**Stored items from a collection**
=== Begin Enclosure ===

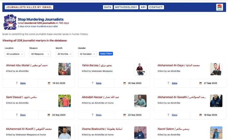 « Cela peut sembler étrange de parler d'« archivage », mais nous construisons des mémoriaux pour les journalistes assassinés par Israël », a déclaré ZO (pseudonyme, abréviation de Zionism Observer), fondateur de Databases for Palestine, lors d'un appel téléphonique le 8 août. « Et si nous faisons cela, c'est parce que nous pensons qu'il n'existe pas de base de données honnête en anglais. »
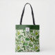 Mit Monogramm Tasche Shopping-Tasche mit einem eleganten botanischen Blätter Blattmuster und personalisierte Monogramm in schwarz auf einem grünen Streifen oben auf der Vorder- und Rückseite.
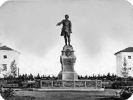Следовавший за прибытием парохода в Петрозаводск день, 14 июня, был таким же безоблачным и жарким, как все предшествовавшие. Памятник Петра Великого работы Шредера, стоящий перед губернаторским домом, ярко горел с утра своей бронзой. Он заложен 30 мая 1872 г., а открыть в 1873 г. Петр изображен во весь рост; в одной руке у него свиток, другая простерта. Постамент сделан из чрезвычайно крепкого матюковского камня. Памятник недурен; облик императора гораздо внушительнее того, который поставлен в Петергофе у Монплезира. Неудивительно, что горожане то и дело зовут приезжающих сюда туристов полюбоваться им: посмотрите, да посмотрите! Тем же Шредером сооружен здесь памятник императору Александру II, воздвигнутый местным земством. Монарх изображен стоящим в порфире; высота статуи пять аршин.
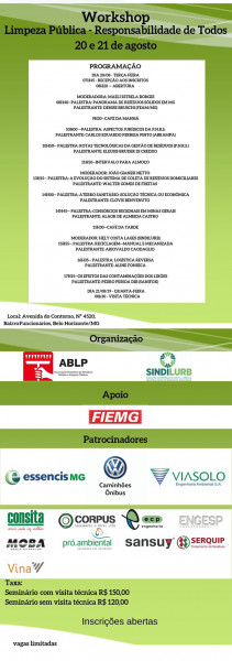 Estão abertas as inscrições para o workshop Limpeza Pública - Responsabilidade de Todos, que acontecerá em Belo Horizonte nos dias 20 e 21 de agosto de 2019. O evento é organizado pela Associação Brasileira de Resíduos Sólidos e Limpeza Pública (ABLP),Sindicato das Empresas de Coleta, Limpeza e Industrialização de Resíduos de Minas Gerais (SINDLURB) e a Federação das Indústrias do Estado de Minas Gerais (FIEMG). O número de vagas é limitado e os interessados podem se inscrever no site da ABLP: www.ablp.org.br
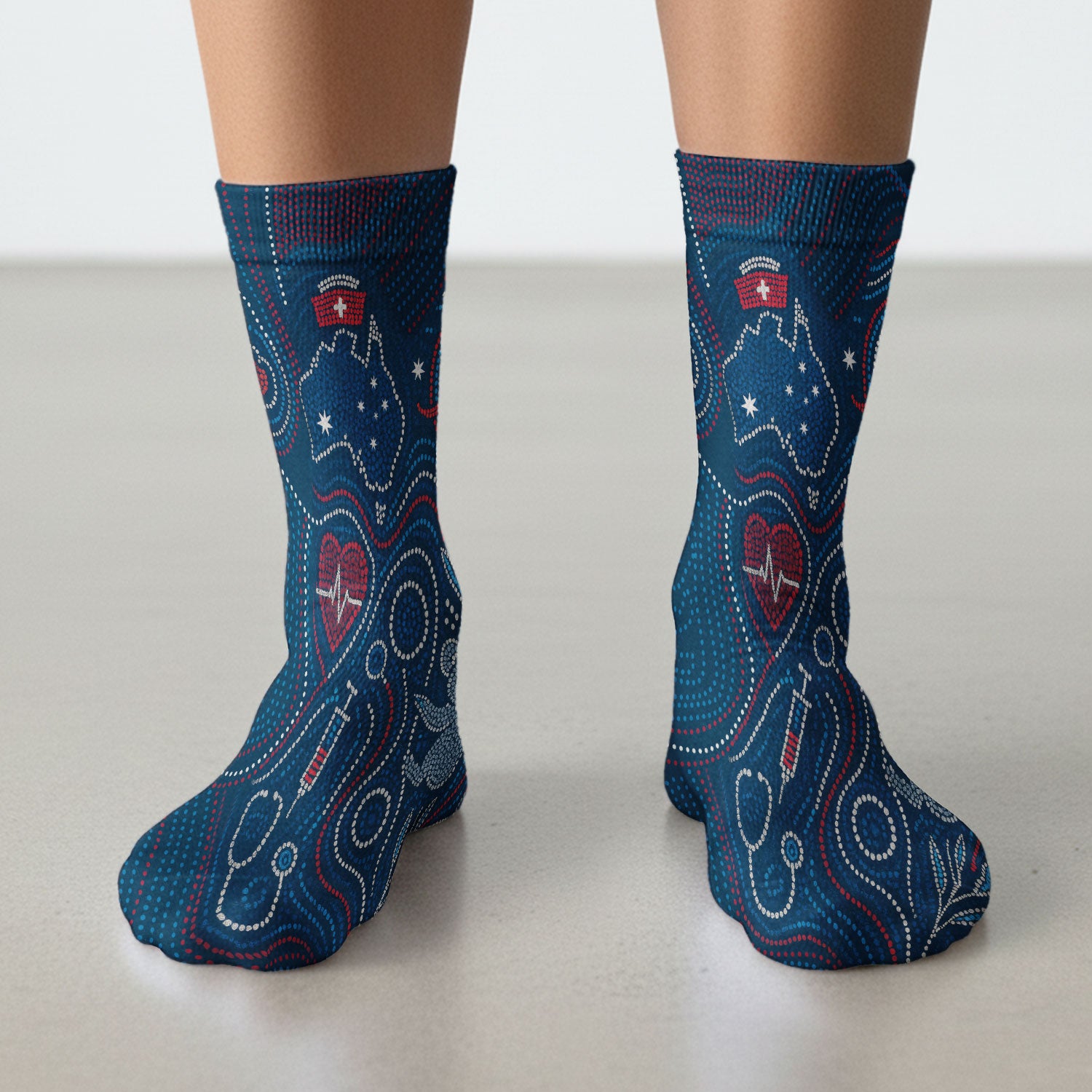 Aboriginal Dot Art Nurse Scrub Socks, Australian Kangaroo With Koala Pattern Sock, Breathable Fabrics Nursing Uniform
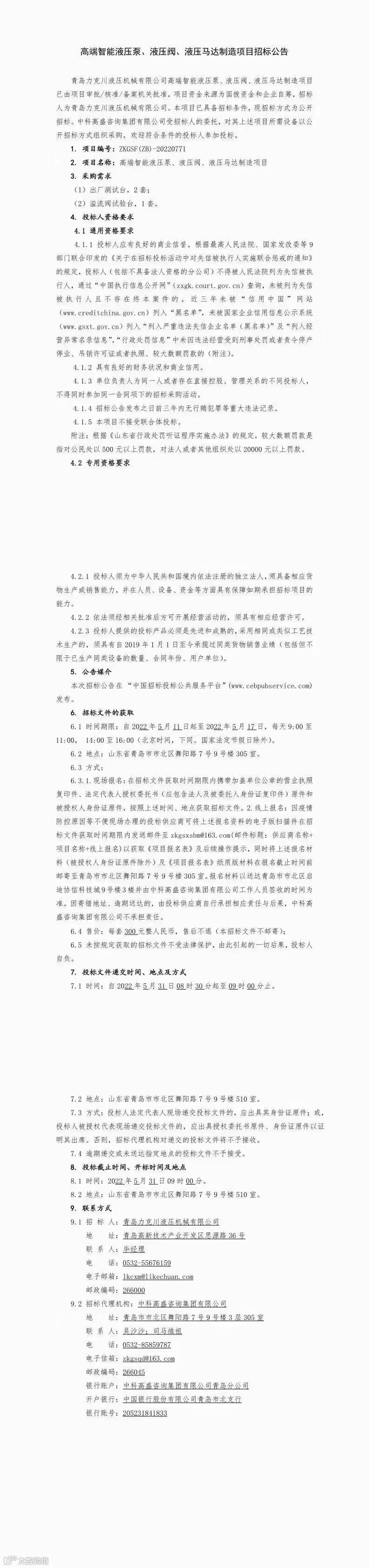 力克川液压机械有限公司拟进行试验台的招标,诚邀您的参与。
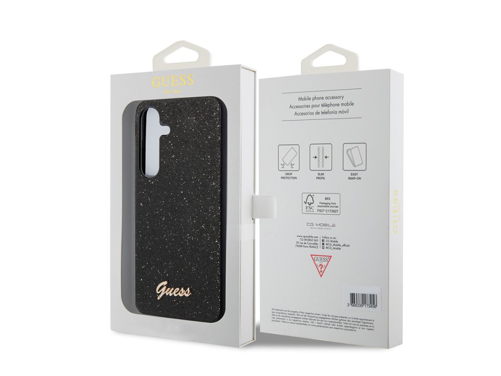 Guess Glitter Script (GUHCS24MHGGSHK) kryt pro Samsung Galaxy S24 Plus – Černý
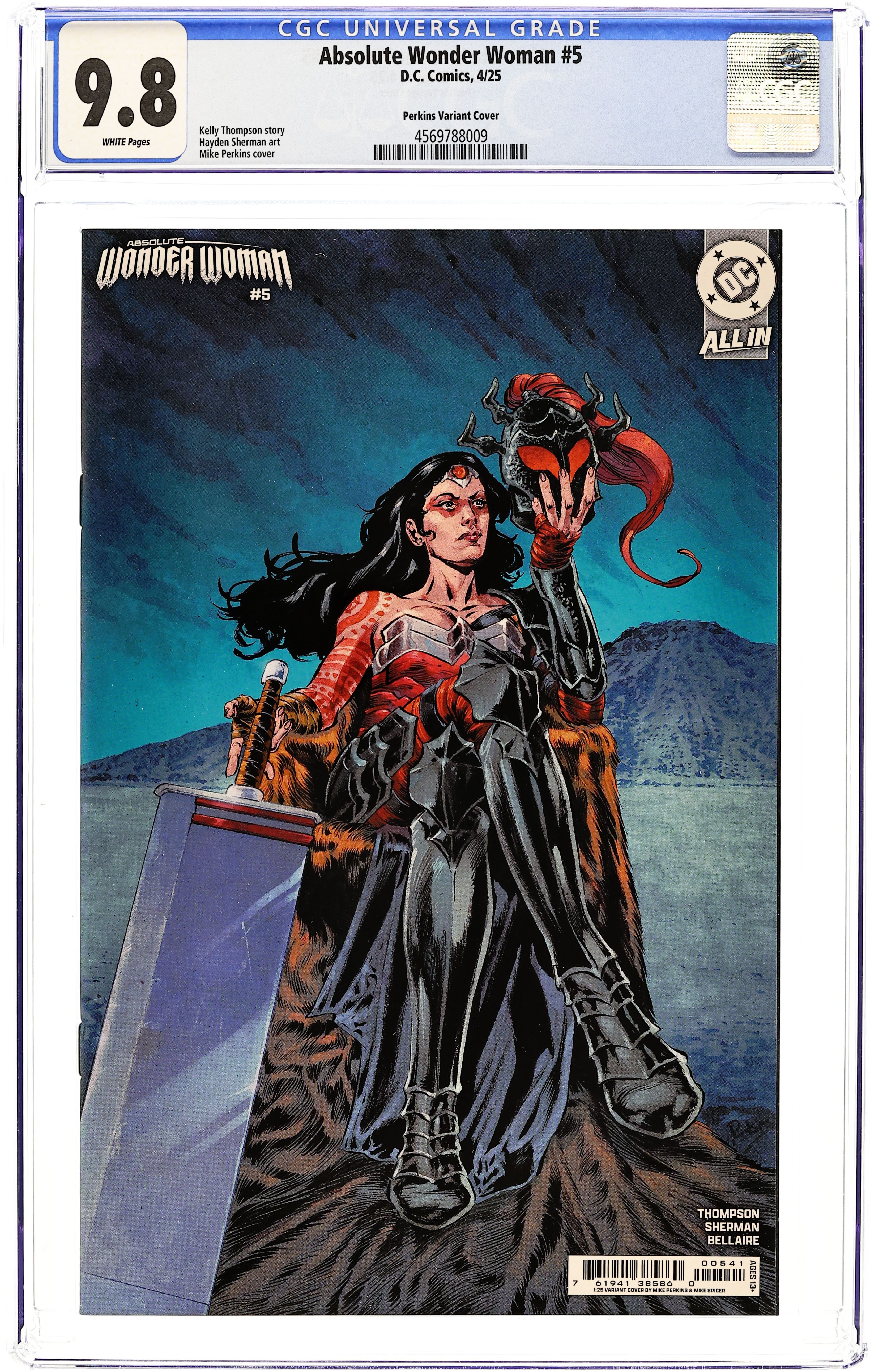 Limited 1 for 25 Retailer Incentive Variant Cover. Written by Kelly Thompson. Art by Hayden Sherman. Cover by Mike Perkins. A COSMIC THREAT ENCROACHES ON GATEWAY CITY! Wonder Woman has thrown everything she can think of at The Tetracide, and still it pushes forward, devouring Gateway City. With everything on the line, Diana has one big idea left, but in her current state, she has nowhere near the power she needs to pull it off... 32 pages, full color. Rated T+ Cover price $5.99.
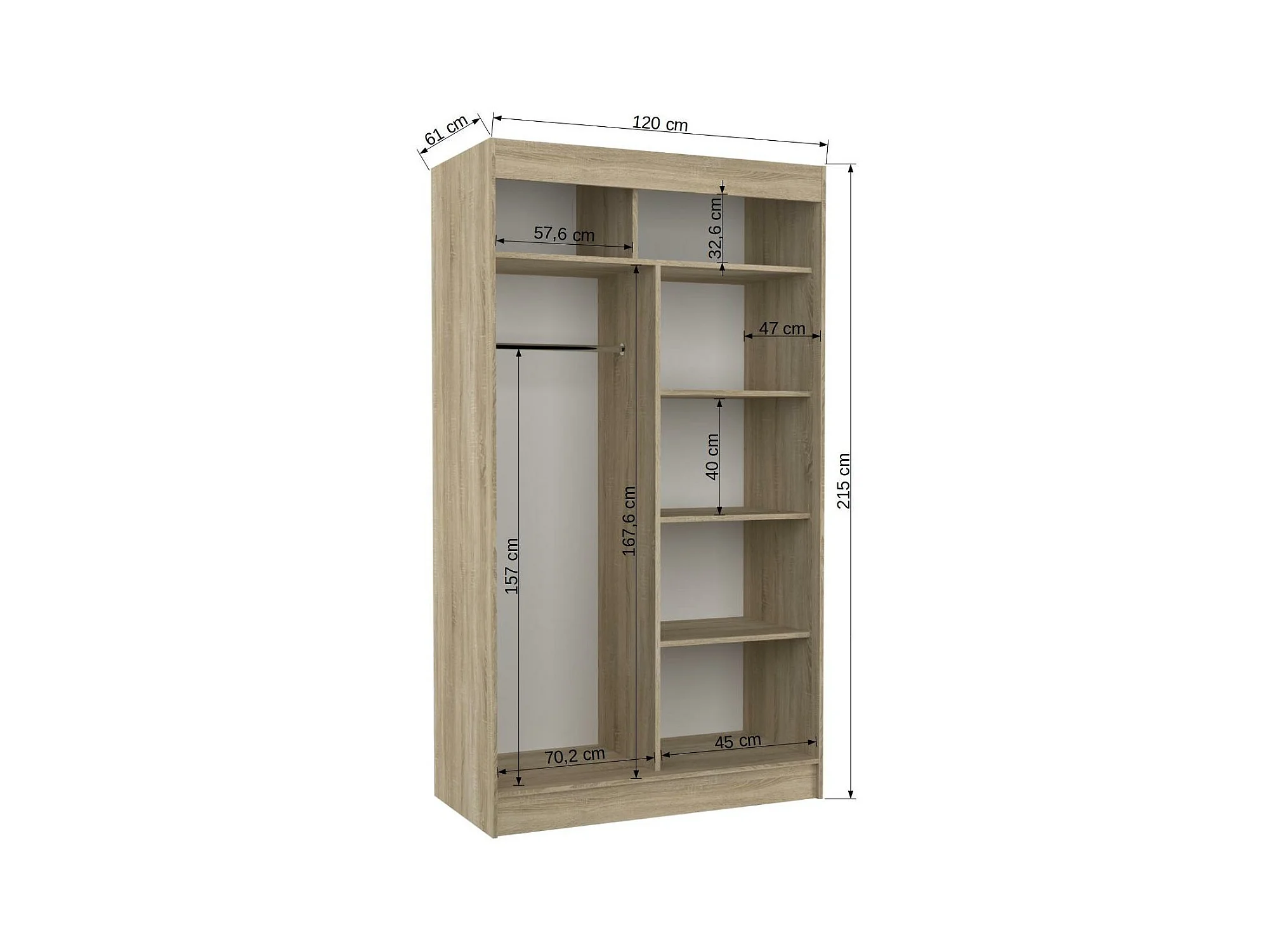 Armoire de chambre à portes coulissantes bois clair mat et blanc laqué Karola - 3 tailles-Largeur 120 cm
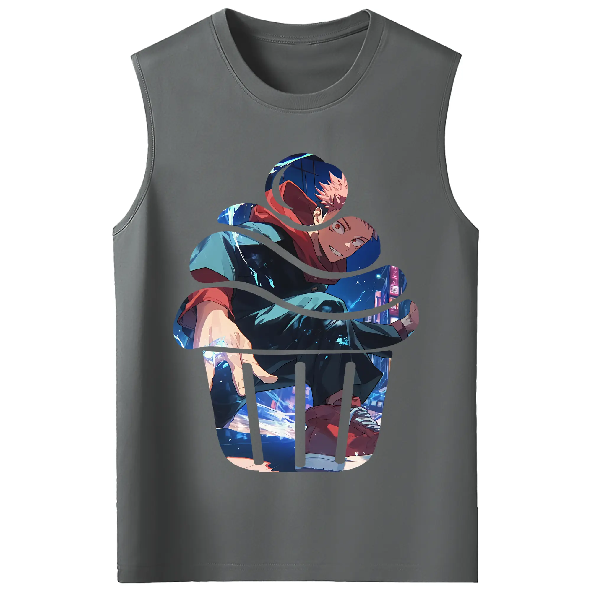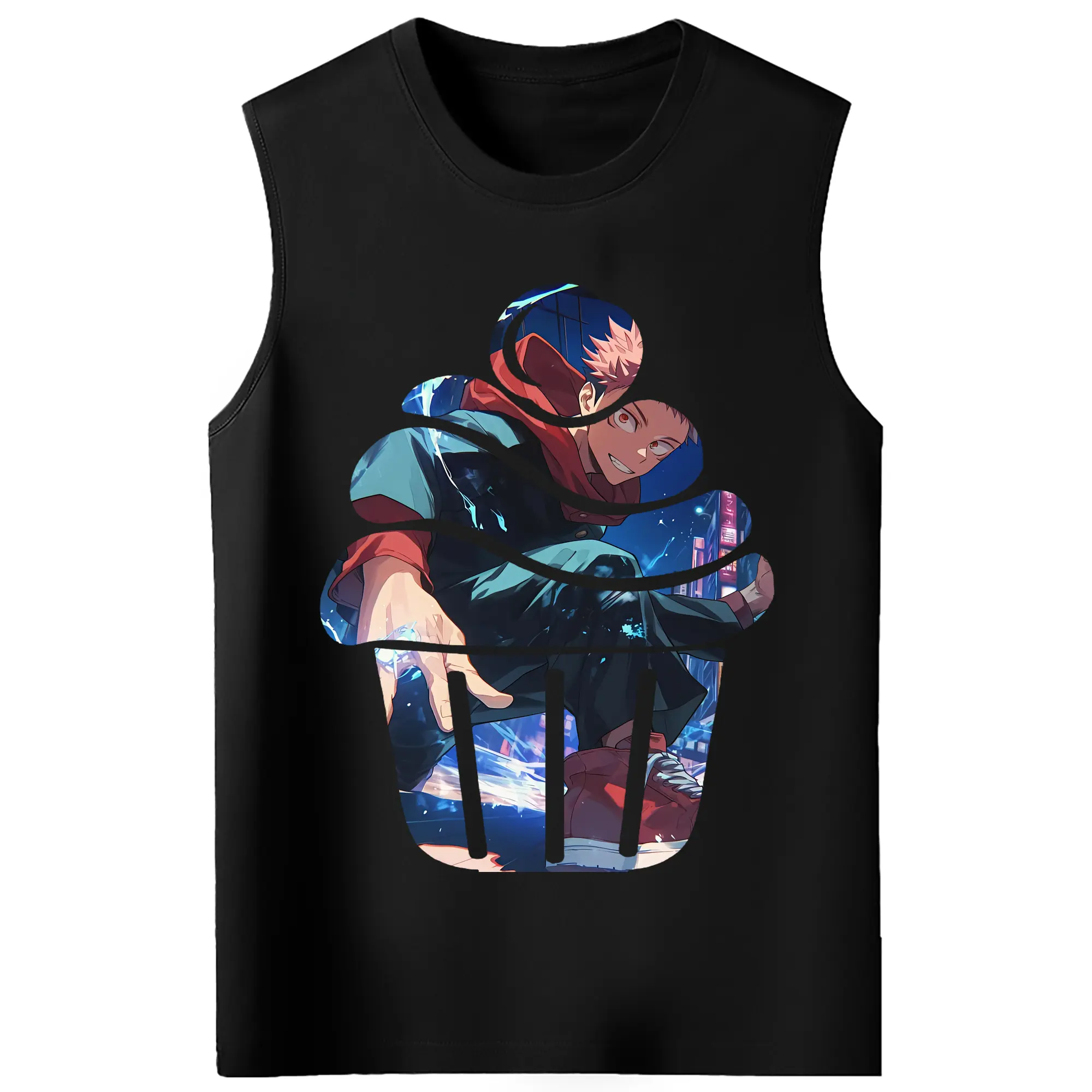 呪術廻戦 グッズ,虎杖 悠仁 - コットン100% タンクトップ ・ フロントプリント ・ タイトフィット ・ 快適 通気性 ・ スポーツ カジュアル 散歩用
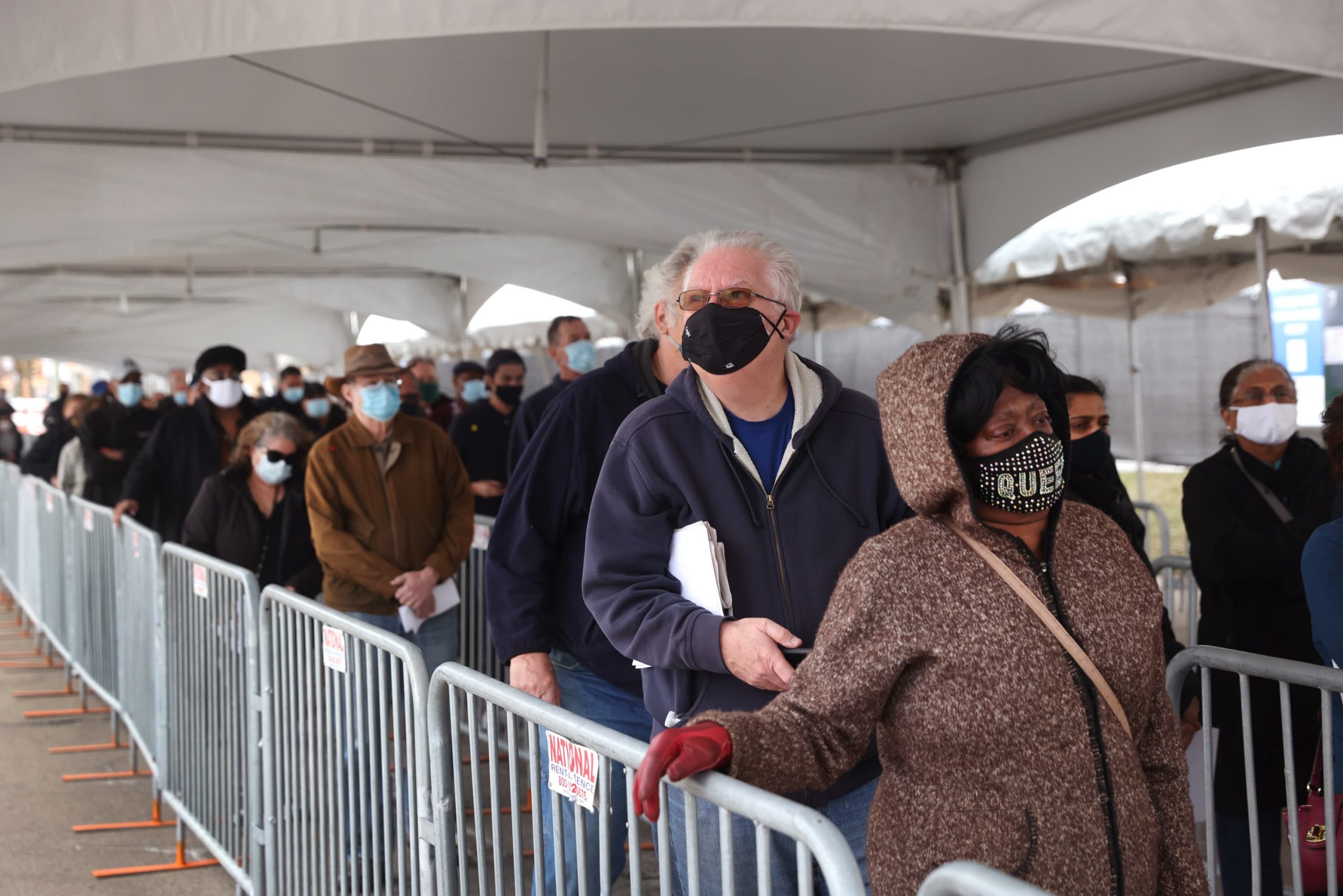 Residents wait in line to be vaccinated on March 10, 2021 in Chicago, Illinois at a COVID-19 mass vaccination center set up in a parking lot outside the United Center, home of the Chicago Bulls and Blackhawks.

=== End Enclosure ===

**EXERCISE BRIEF**
Skip every picture, and restate word for word only the lines above from the line containing "力克川液压机械有限公司拟进行试验台的招标,诚邀您的参与。" to the line containing "呪術廻戦 グッズ,虎杖 悠仁", both of them included.

**RESPONSE TO THIS TASK**
 力克川液压机械有限公司拟进行试验台的招标,诚邀您的参与。
 Guess Glitter Script (GUHCS24MHGGSHK) kryt pro Samsung Galaxy S24 Plus – Černý
 Limited 1 for 25 Retailer Incentive Variant Cover. Written by Kelly Thompson. Art by Hayden Sherman. Cover by Mike Perkins. A COSMIC THREAT ENCROACHES ON GATEWAY CITY! Wonder Woman has thrown everything she can think of at The Tetracide, and still it pushes forward, devouring Gateway City. With everything on the line, Diana has one big idea left, but in her current state, she has nowhere near the power she needs to pull it off... 32 pages, full color. Rated T+ Cover price $5.99.
 Armoire de chambre à portes coulissantes bois clair mat et blanc laqué Karola - 3 tailles-Largeur 120 cm
 呪術廻戦 グッズ,虎杖 悠仁 - コットン100% タンクトップ ・ フロントプリント ・ タイトフィット ・ 快適 通気性 ・ スポーツ カジュアル 散歩用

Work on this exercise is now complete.